教えて!けいゆう先生

手術後には一段とつらい面会制限
患者と家族が容易に会えない日常 外科医・山本 健人

 以前、とある医療ドラマを見ていて、ふと気になったシーンがありました。

 交通事故に遭い、搬送された病院で緊急手術を受けた患者さん。事情を聞きつけたご家族の方が、手術直後に病院にやって来ます。

 ベッドに寝かされた患者さんが、若い主治医とともに手術室から出てきた時、待っていたご家族が慌てた様子で医師に詰め寄ります。

コロナ禍のために、手術後の面会でさえ、制限される状況が続いています【時事通信社】

 「どういうことですか、一体何があったんですか、治療はうまくいったんですか、説明してください!」

 まくし立てるように質問するご家族に、医師が別室でゆっくり説明を始める。そんなシーンでした。

 ◆まず駆け寄る先は

 私はこのシーンを見て、何となく「妙だな」と感じました。

 というのも、手術後にやって来たご家族の方がまず駆け寄る先は、たいてい医師ではなく、患者さんご自身だからです。不安を抱えたご家族の方は、患者さんご本人がどんな様子なのか、意識はしっかりしているのか、会話はできるのか、そのことがまず気になるものです。

 もちろん、ドラマのようなシーンもないわけではありませんし、手術後の様子は人によってさまざまです。しかし、やはり医学的な情報を求める前に、まず患者さんと顔を合わせたい、と考える方は多いだろうと思います。

 実は今、この「家族同士が手術後に顔を合わせる」という大切な行為が難しくなっています。昨年から続く感染症禍において、患者さんがご家族と容易に会えなくなっているからです。

 ◆ひとたび感染すれば

 現在、多くの医療機関で、患者さんとご家族の方の面会が制限されています。

 入院中の患者さんは、さまざまな病気を抱え、一般的に「感染症に対してリスクが高い状態」です。ひとたび感染すると重症化しやすかったり、もともと治療中の病気が悪化する、あるいは治療を中断せざるを得なくなったりする恐れがあります。

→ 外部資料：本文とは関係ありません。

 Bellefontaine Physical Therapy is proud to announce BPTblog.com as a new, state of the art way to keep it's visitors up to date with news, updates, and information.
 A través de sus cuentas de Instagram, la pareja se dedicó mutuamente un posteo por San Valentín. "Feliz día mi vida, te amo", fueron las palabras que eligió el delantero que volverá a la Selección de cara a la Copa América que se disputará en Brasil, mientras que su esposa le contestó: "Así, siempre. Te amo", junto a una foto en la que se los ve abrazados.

 そうした観点から、院外から来られたご家族との面会は、制限せざるを得ない状況にあるのです。

 以前、私自身が初めて全身麻酔手術を受け、手術室から病棟にベッドで運ばれた時、家族が心配そうな表情で私のもとに駆け寄って来たことをおぼろげながら覚えています。

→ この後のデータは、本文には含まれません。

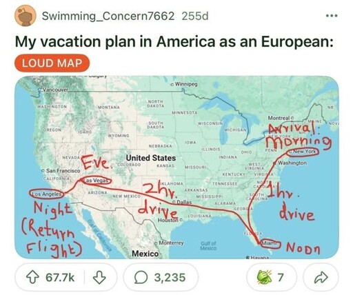 It’d be an indication of intelligence more than being European. I’d NEVER go plan a trip without… Checking the distances between attractions I want to visit?
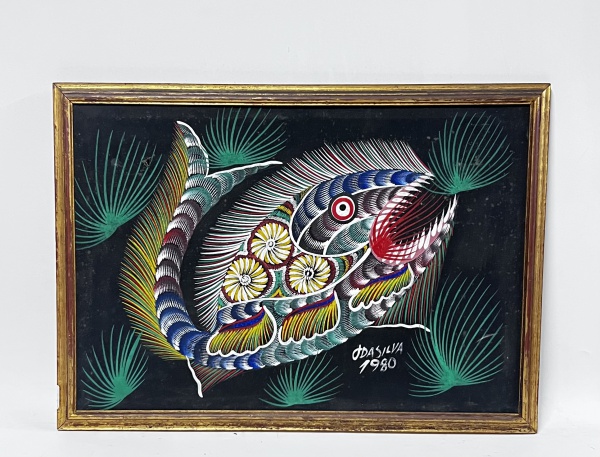 • J da Silva - OST . 1980 . Discípulo e ajudante de atelier do famoso e conhecido artista Chico da Silva. Tela retratando imponente peixe com rica policromia ao gosto do seu professor. Assinada e datada ao centroMedidas : 50.0 cms alt x 70.0 cms larg

 大切な家族が手術を受ける、というのは、場合によっては自分のこと以上に気を病むものです。手術後、顔を見て安心したい、そう思う方は大勢いらっしゃると思います。

 感染症禍が落ち着き、ご家族同士が顔を合わせて喜びを共有できる、そんな日常が早く戻ればと願います。

(了)

 山本 健人(やまもと・たけひと) 医師・医学博士。2010年京都大学医学部卒業。外科専門医、消化器病専門医、消化器外科専門医、感染症専門医、がん治療認定医、ICD(感染管理医師)など。Yahoo!ニュース個人オーサー。「外科医けいゆう」のペンネームで医療情報サイト「外科医の視点」を運営し、開設3年で1000万PV超。各地で一般向け講演なども精力的に行っている。著書に「医者と病院をうまく使い倒す34の心得」(KADOKAWA)、「がんと癌は違います 知っているようで知らない医学の言葉55 (幻冬舎)」など多数。